I share here my workaround based on TryGetValue and this helper:

let getOptionFromExcel (optional:obj) =
    match optional with
    | :? int as a -> Some (double a)
    | :? double as d -> Some d
    | _ -> None

as well as

let getDecimalOptionFromExcel : obj -> decimal option =
    getDoubleOptionFromExcel >> Option.map decimal

Usage examples

SizeTON = e.TryGetValue 5 "Size TON" |> getDecimalOptionFromExcel
SizeCbm = e.TryGetValue 6 "Size cbm" |> getDecimalOptionFromExcel
 QtyTons = 
     e.TryGetValue 5 "Size TON"
     |> getOptionFromExcel
     |> function
     | Some n -> decimal n
     | None -> 0m
     // instead of    
     // decimal e.``Size TON``; //https://github.com/fsprojects/ExcelProvider/issues/56
jackfoxy commented 4 years ago

@giuliohome when I looked, the number of lines was easy to find in the code.

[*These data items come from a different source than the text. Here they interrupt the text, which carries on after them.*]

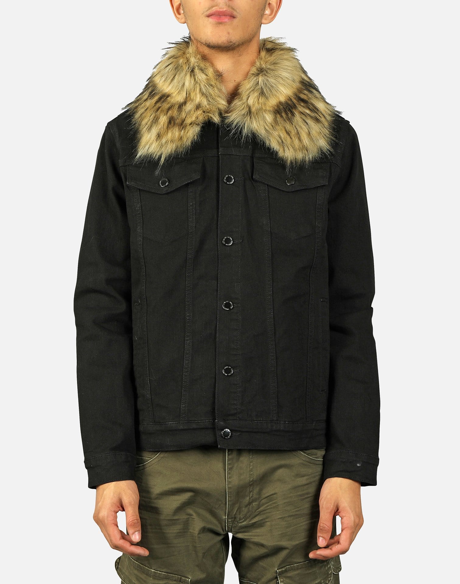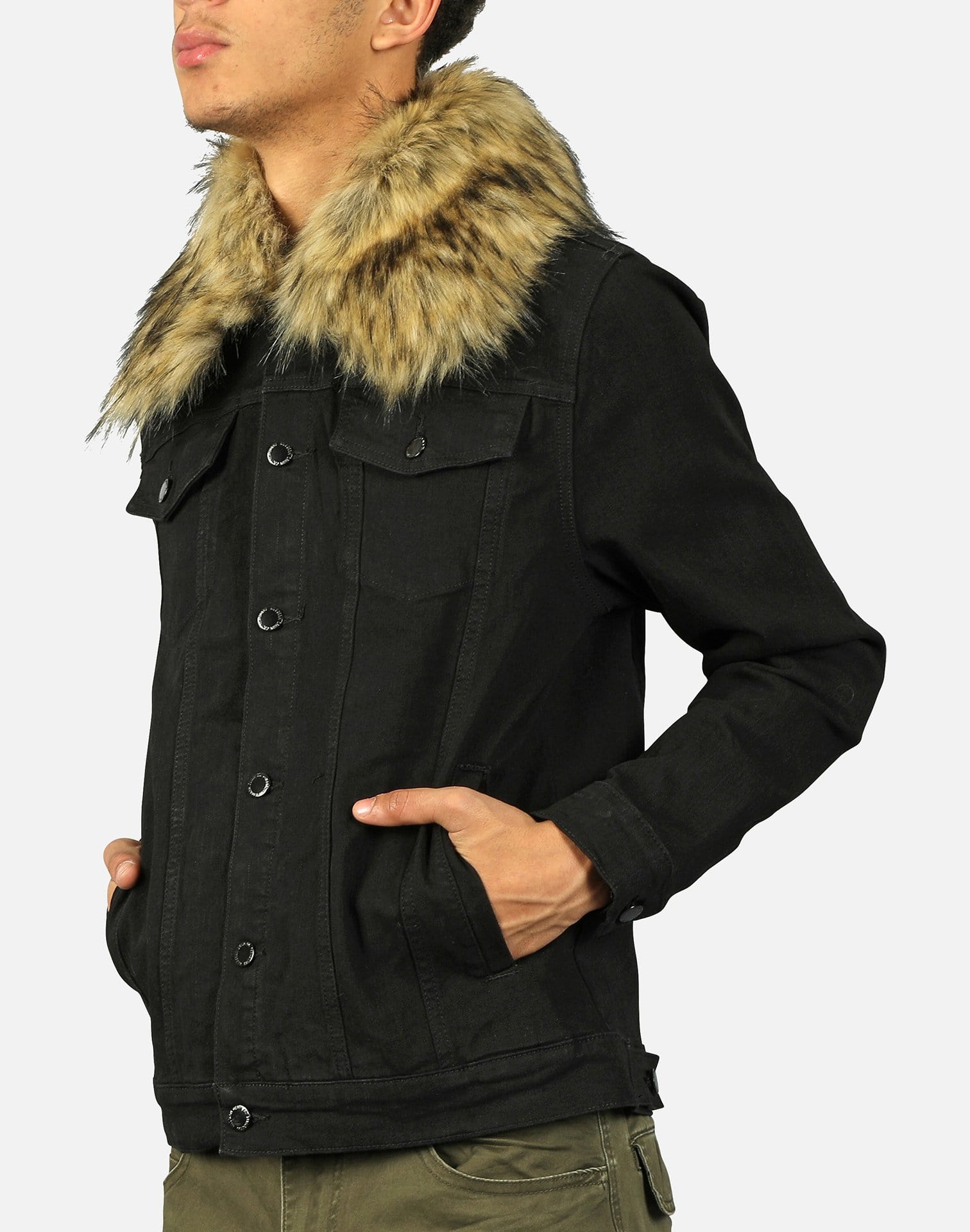 Go out in style in the Kilogram Inc. men's Short Fur Denim Jacket.
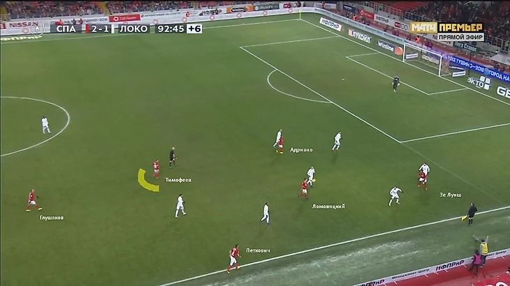 Во втором тайме Спартак стремился забить третий мяч и предпосылки к этому все были, ведь Локо продолжал оставлять кучу пространства в центре. Вот тут без всякого сопротивления подбор остаётся за Тимофеевым:
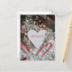 A heart-shaped blank card rests on a soft bed of white snow, surrounded by delicate greenery and twinkling lights. Two candy canes, red and white striped, add a festive touch. Tiny red berries dot the scene, enhancing the holiday spirit. This cozy setting captures the warmth of winter celebration, perfect for sharing heartfelt messages.
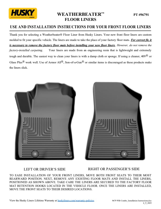 The original all-weather liner is ready, come hell or hot coffee. The Weatherbeater?s construction is a no-slip zone with zero edge curl, and its Stay Put Nibs keep it firmly anchored underfoot. It stands up to chemicals like gas, oil and battery acid, and stays tough and flexible, even under extreme temperatures. Its laser-scanned, FormFit Design? gives your truck, van or SUV an ultra-clean look with easy cleanup to match, while its patented, FormFit Edge? keeps spills contained, carpets unstained. It?s unbeatable Husky protection for life, warrantied the same. Proudly made in the USA.
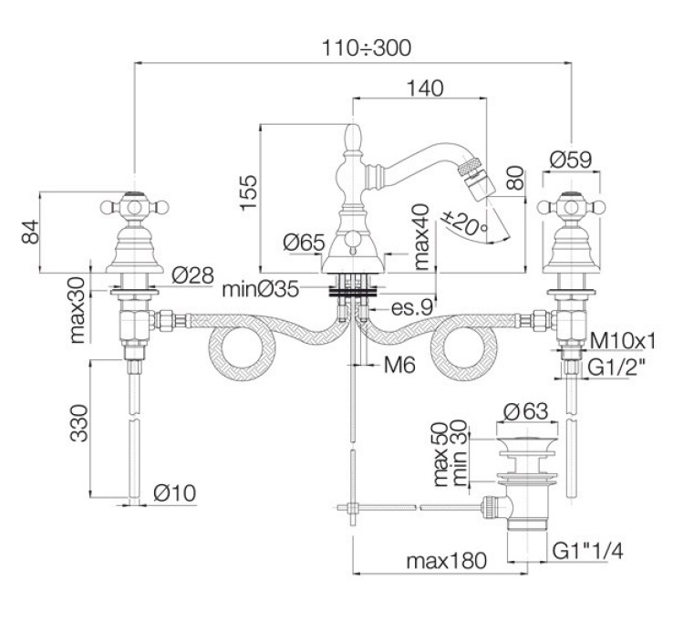 - с 2 гибкими шлангами 350 мм
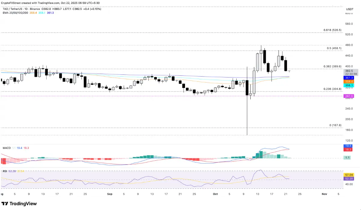 A região de 361 USD atualmente desempenha o papel de suporte fundamental, onde convergem as médias móveis exponenciais (EMA) de 50, 100 e 200 dias. Se esse nível for rompido, o TAO pode ampliar a tendência de queda para a região de 304 USD, correspondente ao nível de retração de Fibonacci de 23,6%.
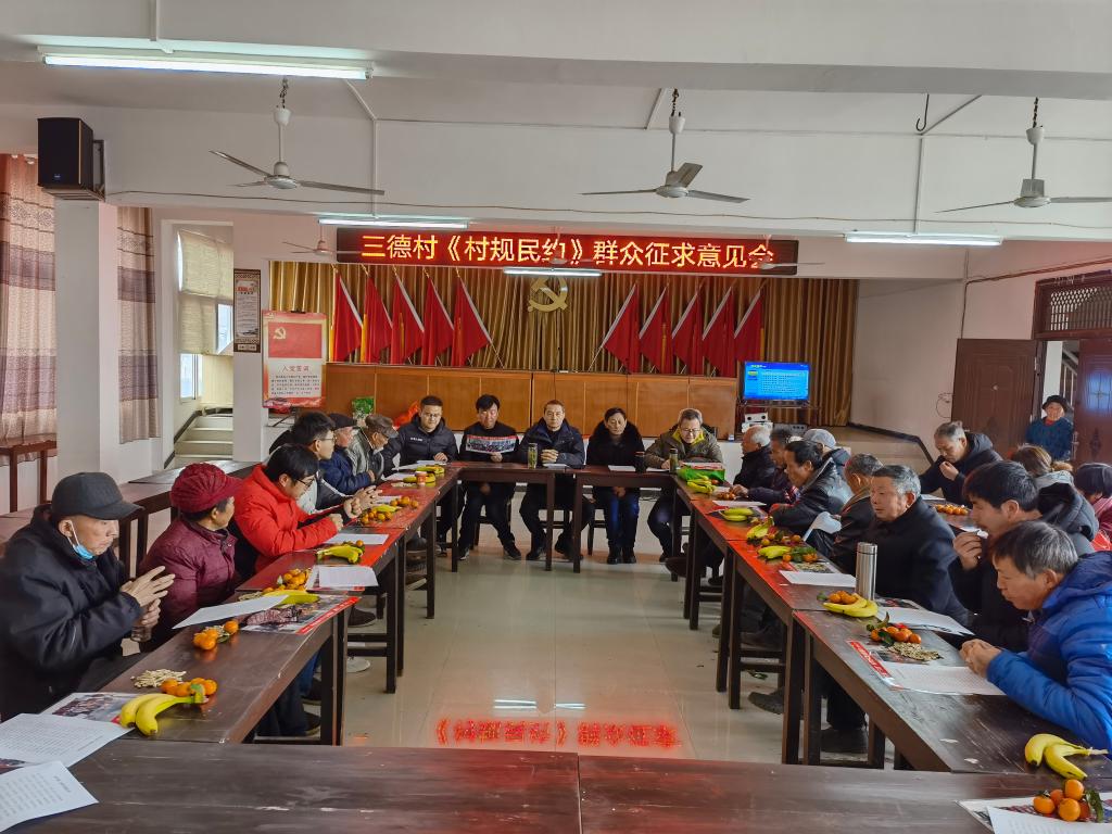 本网讯(文/桂晓骏 图/付勇)为提升帮扶成效,持续推进乡风文明建设,引导三德村群众树立积极向上的村风、民风,驻村扶贫工作队近期草拟了新的《三德村村规民约》,并于1月6日召开群众征求意见座谈会。三德村党总支第一书记、驻村扶贫工作队队长黄德春,副队长桂晓骏,扶贫专干付勇,三德村“两委”全体成员,第一届和第二届“三德奖”获奖人员共50余人参加会议。
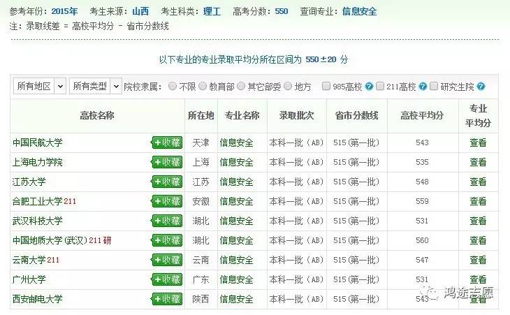 四、录取数据2015年部分高校信息安全专业的录取分数

IIRC it was something like 25 or 50. I haven't used this TP in well over a year, so I have no current feedback. My memory is it could be a lot better. That said, even with improvements I have no plans to use it in the future.

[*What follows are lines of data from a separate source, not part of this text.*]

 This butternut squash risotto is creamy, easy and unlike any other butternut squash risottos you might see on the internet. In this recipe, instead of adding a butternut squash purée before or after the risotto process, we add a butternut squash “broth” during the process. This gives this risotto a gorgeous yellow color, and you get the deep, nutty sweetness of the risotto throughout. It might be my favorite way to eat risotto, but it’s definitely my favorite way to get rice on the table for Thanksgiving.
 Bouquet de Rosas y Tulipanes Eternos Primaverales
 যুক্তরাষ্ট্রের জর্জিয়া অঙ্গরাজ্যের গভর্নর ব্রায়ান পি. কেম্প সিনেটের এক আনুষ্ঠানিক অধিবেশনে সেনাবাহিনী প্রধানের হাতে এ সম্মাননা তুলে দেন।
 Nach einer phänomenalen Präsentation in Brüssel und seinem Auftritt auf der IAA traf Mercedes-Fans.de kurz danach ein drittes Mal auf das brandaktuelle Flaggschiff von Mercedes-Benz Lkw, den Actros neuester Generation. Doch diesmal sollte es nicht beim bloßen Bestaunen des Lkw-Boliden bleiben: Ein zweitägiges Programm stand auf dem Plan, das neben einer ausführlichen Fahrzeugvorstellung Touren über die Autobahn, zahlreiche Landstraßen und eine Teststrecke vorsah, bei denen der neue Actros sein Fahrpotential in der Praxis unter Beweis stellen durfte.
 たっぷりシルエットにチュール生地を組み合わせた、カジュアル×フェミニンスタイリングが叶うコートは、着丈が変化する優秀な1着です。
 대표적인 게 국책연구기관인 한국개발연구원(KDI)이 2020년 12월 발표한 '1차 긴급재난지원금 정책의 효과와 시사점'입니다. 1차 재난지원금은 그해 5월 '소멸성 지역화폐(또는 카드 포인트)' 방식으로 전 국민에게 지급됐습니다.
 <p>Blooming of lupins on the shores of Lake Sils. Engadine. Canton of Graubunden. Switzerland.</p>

giuliohome commented 4 years ago

Hi @jackfoxy thanks for your reply. It' strange, I have a blank after 3 or 4 lines and the field is interpreted as a float/double... and it throws an exception on the blank/row Will double check it again, if I overlooked anything or if I introduced the bug in my part of code (actually I like my "workaround" anyway...)

jackfoxy commented 4 years ago

@giuliohome I recall other typing issues. You probably found one I experienced. I filed 3 issues, all on the same day, which addressed the most egregious problems I was having. I think it was not long after this I dismantled all the Excel processing and banned Excel file submission in our company. That's how I solved the problem.

giuliohome commented 4 years ago

@jackfoxy thanks for sharing your experience and feel free to unsubscribe from the issue.

Really, I was writing to the maintainers of this project.